## WHAT IS EXPECTED
Exactly the lines from the beginning of the records below through the line with "draagt maat S" must be given again, without pictures.

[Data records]
■ ■ ■ ■

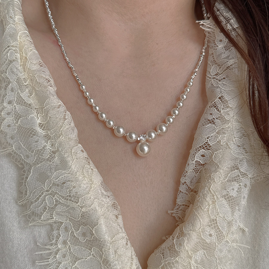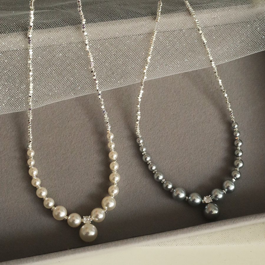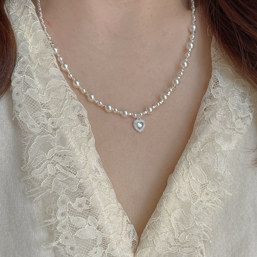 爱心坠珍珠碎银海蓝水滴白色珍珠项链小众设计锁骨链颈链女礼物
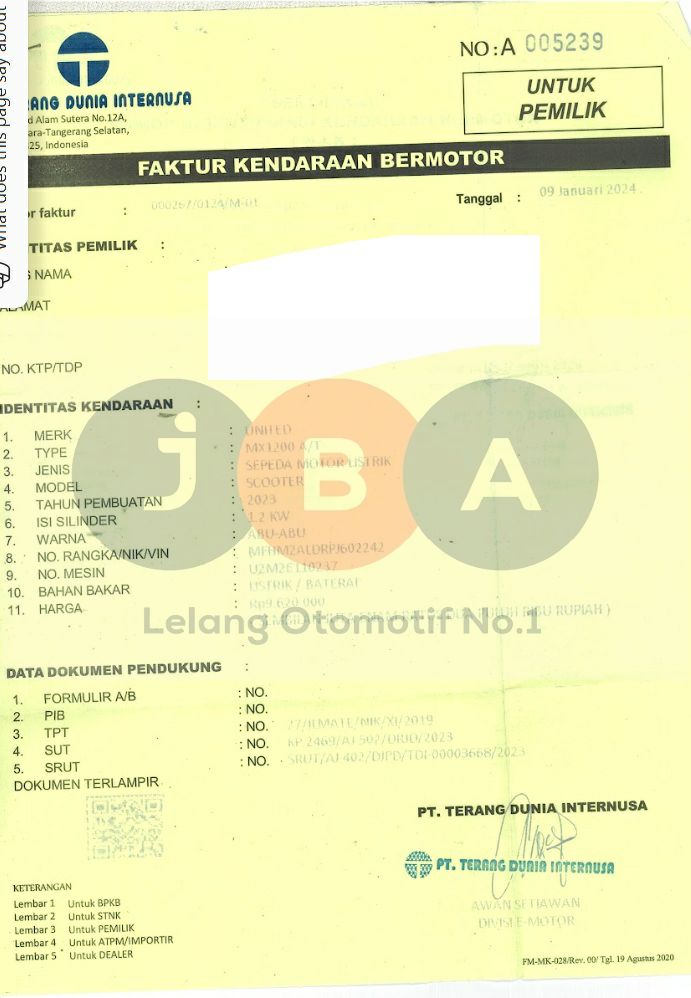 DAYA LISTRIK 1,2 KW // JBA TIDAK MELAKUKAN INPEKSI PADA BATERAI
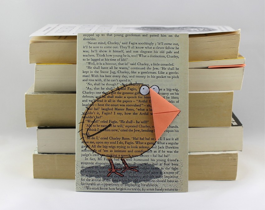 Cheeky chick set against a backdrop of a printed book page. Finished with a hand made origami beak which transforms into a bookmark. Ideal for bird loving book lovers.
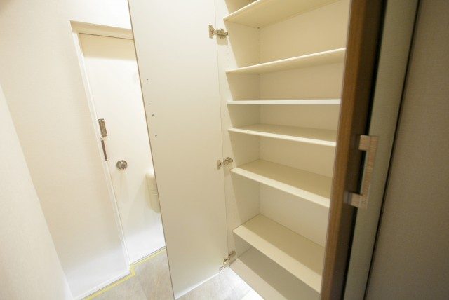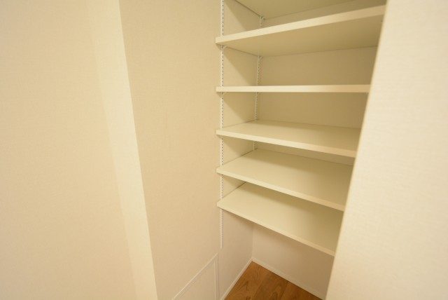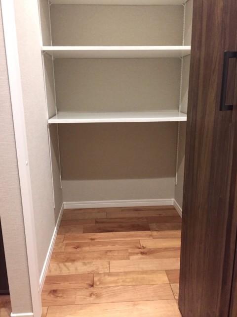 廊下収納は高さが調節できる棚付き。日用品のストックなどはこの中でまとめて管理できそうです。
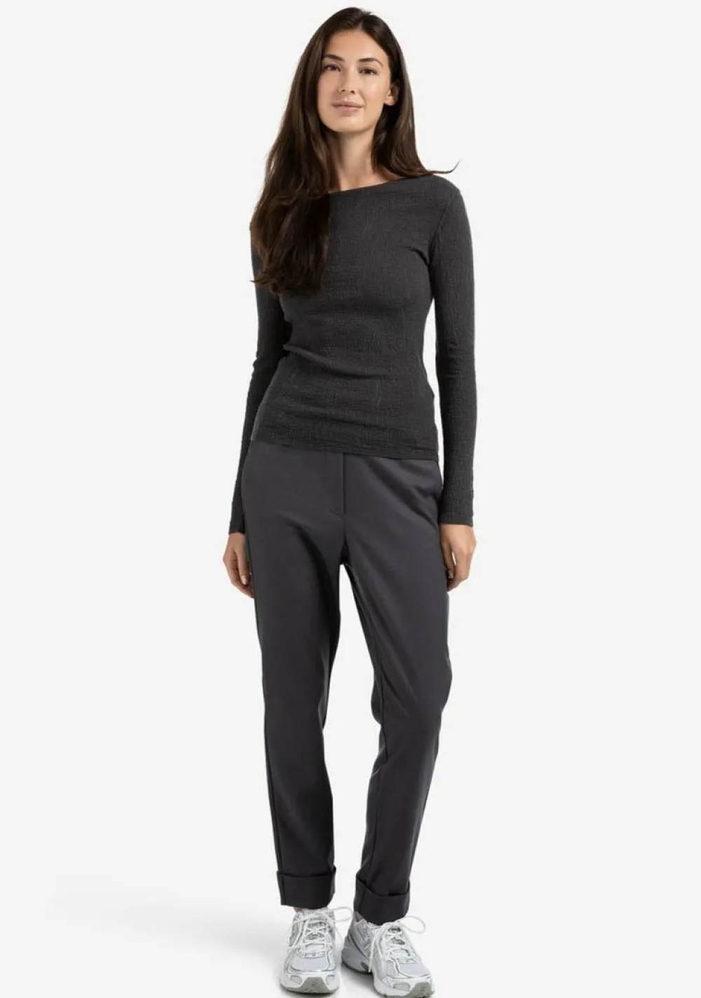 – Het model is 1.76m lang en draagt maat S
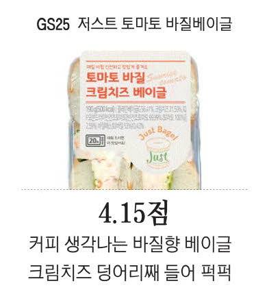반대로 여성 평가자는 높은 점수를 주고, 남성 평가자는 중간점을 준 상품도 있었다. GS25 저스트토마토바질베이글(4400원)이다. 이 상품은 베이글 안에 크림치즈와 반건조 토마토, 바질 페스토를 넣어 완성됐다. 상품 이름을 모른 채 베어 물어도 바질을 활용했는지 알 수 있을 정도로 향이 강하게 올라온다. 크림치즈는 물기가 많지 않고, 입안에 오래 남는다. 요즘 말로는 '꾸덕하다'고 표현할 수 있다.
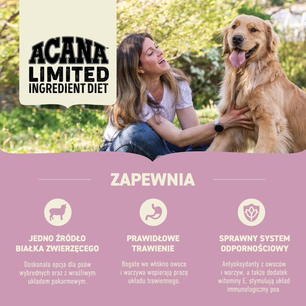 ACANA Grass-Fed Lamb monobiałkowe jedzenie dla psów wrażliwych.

■ ■ ■ ■

## RESPONSE BELOW
 爱心坠珍珠碎银海蓝水滴白色珍珠项链小众设计锁骨链颈链女礼物
 DAYA LISTRIK 1,2 KW // JBA TIDAK MELAKUKAN INPEKSI PADA BATERAI
 Cheeky chick set against a backdrop of a printed book page. Finished with a hand made origami beak which transforms into a bookmark. Ideal for bird loving book lovers.
 廊下収納は高さが調節できる棚付き。日用品のストックなどはこの中でまとめて管理できそうです。
 – Het model is 1.76m lang en draagt maat S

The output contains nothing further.